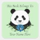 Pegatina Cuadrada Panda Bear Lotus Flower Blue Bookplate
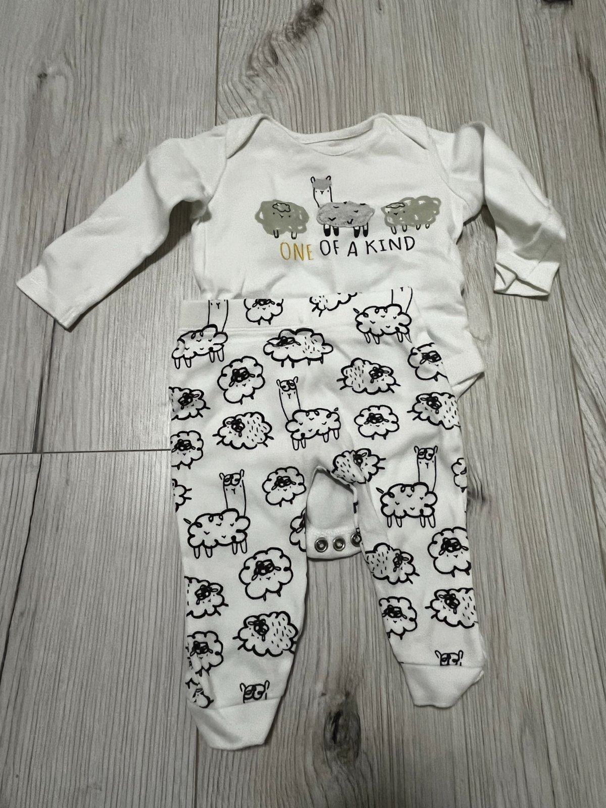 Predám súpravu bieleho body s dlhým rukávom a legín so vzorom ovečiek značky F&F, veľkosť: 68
---
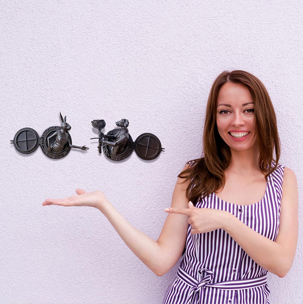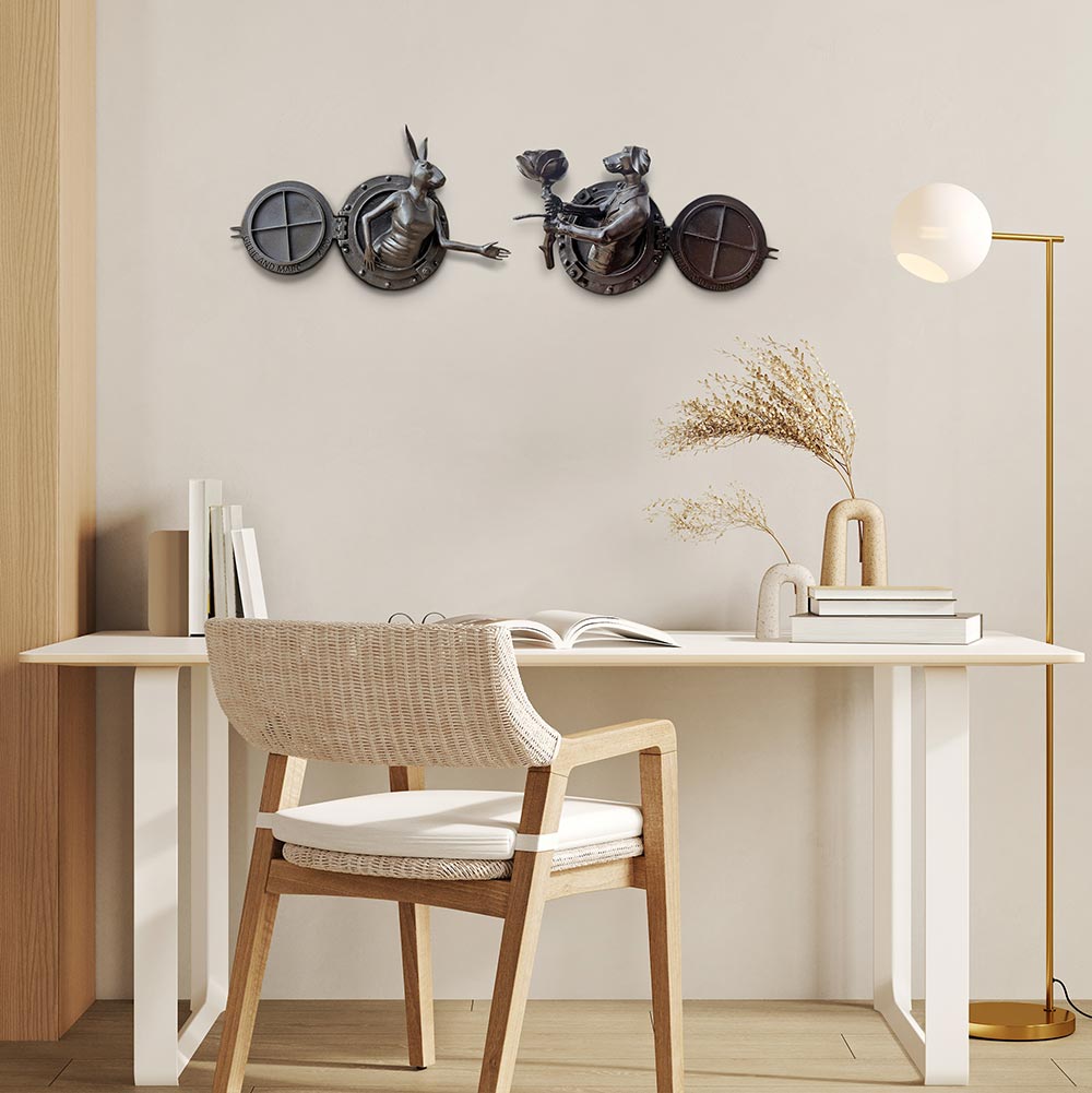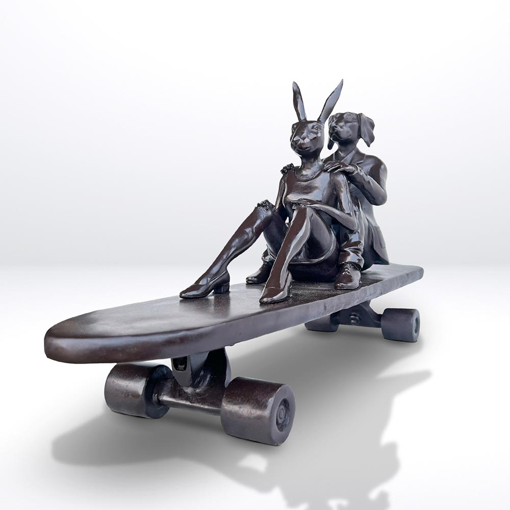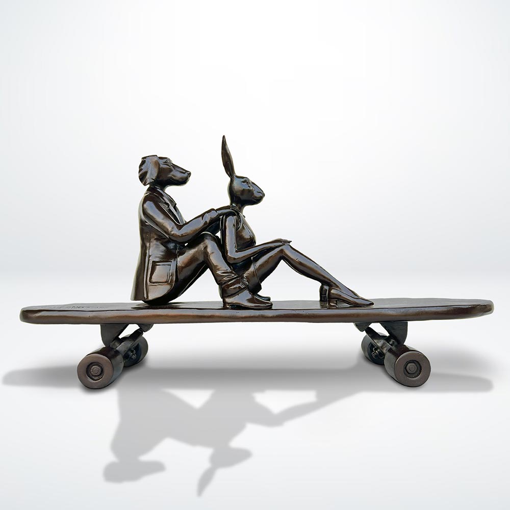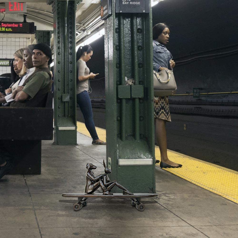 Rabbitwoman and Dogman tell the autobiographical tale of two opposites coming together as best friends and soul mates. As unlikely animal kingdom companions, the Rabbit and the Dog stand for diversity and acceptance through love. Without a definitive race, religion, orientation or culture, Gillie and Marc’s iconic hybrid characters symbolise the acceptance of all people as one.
--
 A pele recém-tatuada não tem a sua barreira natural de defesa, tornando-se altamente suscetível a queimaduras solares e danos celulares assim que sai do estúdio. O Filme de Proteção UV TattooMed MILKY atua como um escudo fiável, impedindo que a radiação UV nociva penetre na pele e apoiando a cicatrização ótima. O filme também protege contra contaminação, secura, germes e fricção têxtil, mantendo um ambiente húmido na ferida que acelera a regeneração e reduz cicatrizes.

• Problem: Take the material above from the line containing "Pegatina Cuadrada Panda" up to and including the line containing "Predám súpravu bieleho" and retype it exactly, without any pictures.

• Written response:
 Pegatina Cuadrada Panda Bear Lotus Flower Blue Bookplate
 Predám súpravu bieleho body s dlhým rukávom a legín so vzorom ovečiek značky F&F, veľkosť: 68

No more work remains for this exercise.